I was still in the innocent phase when I thought an diagnosis of Alzheimer's meant something specific and exact.
I was hired to bring in a Alzheimer's only program for a multi-home owner who was losing ground to the incoming Rumanian immigrants who had friendly lively homes full of a mix of elders and jolly Rumanians.
There were four elders living in Charley's home.
All said to have Alzheimer's.
And we soon located one more elder with Alzheimer's, so we had a full house of elders with Alzheimer's.
Except that wasn't true, as it turned out.
Back then, in the 90s, people were still using the term Alzheimer's to apply to any kind of dementia.
That's no longer true.
We now at least differentiate more, but we still fail to diagnose mental illness in elders.
Looking back, I would now say we had one resident with probable Alzheimer's, two with very mild cognitive impairment and then the two seriously mentally ill residents.
One heard voices and had extremely paranoid issues, the other had outbreaks of physical violence with night hours of moving heavy furniture around to barricade her door.
Does it matter that mentally ill people are thrown into a dementia basket? YES.
Here's why.
It is these seriously mentally ill people who are usually the perpetrators of violent attacks in care situations.
Look at any violent deaths in Alzheimer's care facilities, and you will find someone whose real diagnosis should have been a serious intractable mental illness.

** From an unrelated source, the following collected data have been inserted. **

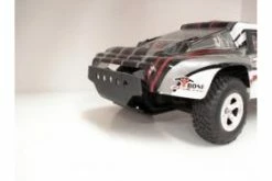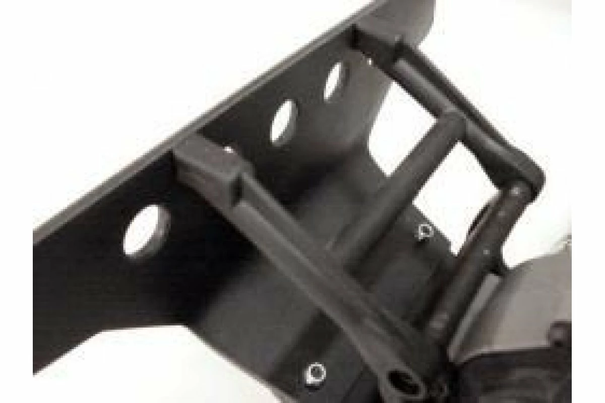 The T-Bone Racing The SC Racer rear bumper is made of nylon and mounts to the skid with two screws and lock nuts and to the stock support arms with two screws. The skid portion mounts under the chassis with four screws.
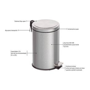 Lixeira Tramontina Brasil Plus com Pedal 12L Redonda Scotch Brite - UNICA
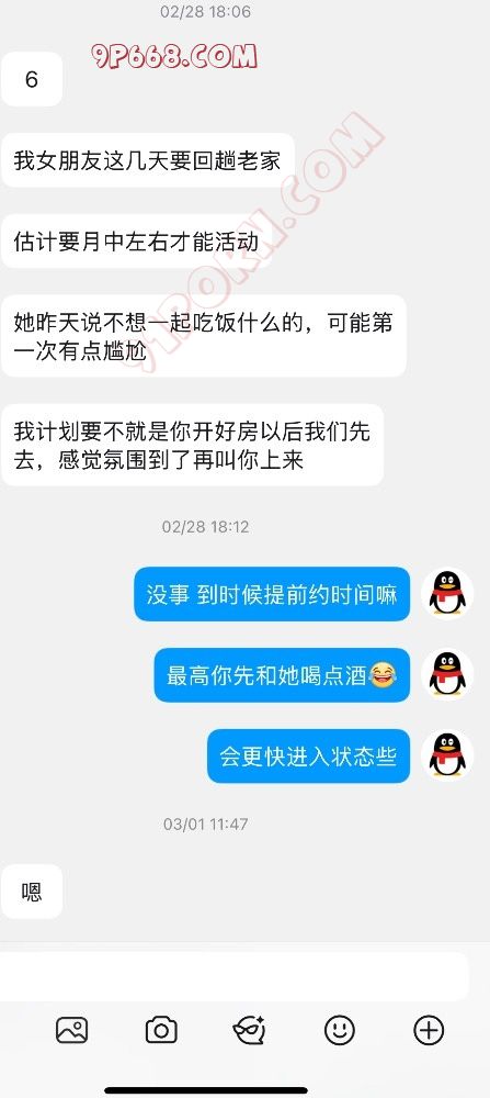 通过和他聊天得知他已经和女朋友沟通得很愉快,就差活动了,只是一直没找到合适的单男。

It is not a safe mix to bring together those with dementia and those who may be schizophenic, psychotic, bipolar and so on.
Even with appropriate medication, I have doubts about the safety factors of mixing them.
Here's why.
People with serious mental illness can find those with dementia both threatening and very annoying.

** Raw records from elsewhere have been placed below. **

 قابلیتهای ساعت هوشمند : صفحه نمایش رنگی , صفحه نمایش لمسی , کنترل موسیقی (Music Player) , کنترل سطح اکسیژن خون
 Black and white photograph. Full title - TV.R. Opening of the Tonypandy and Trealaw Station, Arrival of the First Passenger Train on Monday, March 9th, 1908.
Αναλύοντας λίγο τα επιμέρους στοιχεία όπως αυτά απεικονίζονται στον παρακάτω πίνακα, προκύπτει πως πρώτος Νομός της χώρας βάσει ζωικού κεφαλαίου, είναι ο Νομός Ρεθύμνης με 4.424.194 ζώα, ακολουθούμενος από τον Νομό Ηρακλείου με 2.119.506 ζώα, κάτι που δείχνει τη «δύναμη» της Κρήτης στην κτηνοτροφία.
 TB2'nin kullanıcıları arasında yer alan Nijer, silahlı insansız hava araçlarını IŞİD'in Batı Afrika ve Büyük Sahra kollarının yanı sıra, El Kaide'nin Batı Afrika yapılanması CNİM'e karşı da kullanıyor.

There was a recent incident in a nursing home where one old woman strangled her room-mate to death and put a plastic bag over her head.
This is psychotic stuff -- not that I'm diagnosing, you understand.

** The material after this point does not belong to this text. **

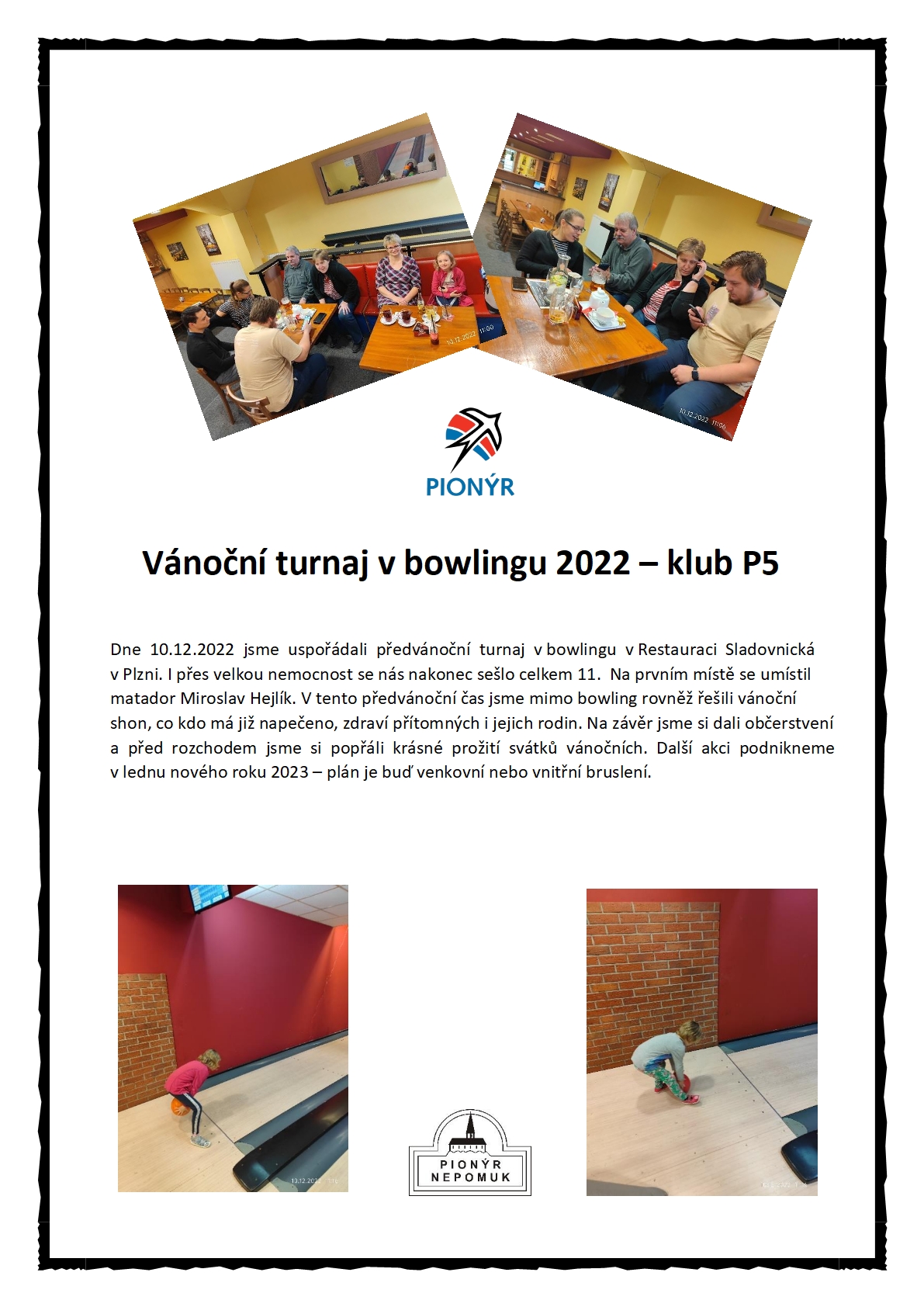 Dne 10.12.2022 jsme uspořádali předvánoční turnaj v bowlingu v Restauraci Sladovnická v Plzni. I přes velkou nemocnost se nás nakonec sešlo celkem 11. Na prvním místě se umístil matador Miroslav Hejlík. V tento předvánoční čas jsme mimo bowling rovněž řešili vánoční shon, co kdo má již napečeno, zdraví přítomných i jejich rodin. Na závěr jsme si dali občerstvení a před rozchodem jsme si popřáli krásné prožití svátků vánočních. Další akci podnikneme v lednu nového roku 2023 – plán je buď venkovní nebo vnitřní bruslení.**MJ

People with dementia may hit out when frightened, but they don't make plans to murder room-mates.
Why not? Failure of deductive reasoning, is why.
That old lady in my care home -- she wound a radio cord all about her arm one night, got a caregiver to kneel down to help with her slipper and whopped him on the head with her heavy portable radio.
He called the police and she was hauled away to a geriatric psych unit and the state banned her from ever living in a care home again.
Families have a lot of trouble admitting their mother or father is seriously mentally ill.
Shame, fear, genuine ignorance -- these are all reasons for the failure to admit.
But that does not account for the medical failure to diagnose.
Sometimes I wonder if the medical view is simply, "Hey, they're all old and dying, what's it matter?" As a caregiver, I can tell you: it matters.
People with dementia deserve to be safe.
They deserve to be living in care where the mentally ill have not been admitted for monetary gain.
And, for that matter, people with serious mental illness deserve to have some peace from the torments of their illness.
So, yes, let's diagnose and differentiate, okay?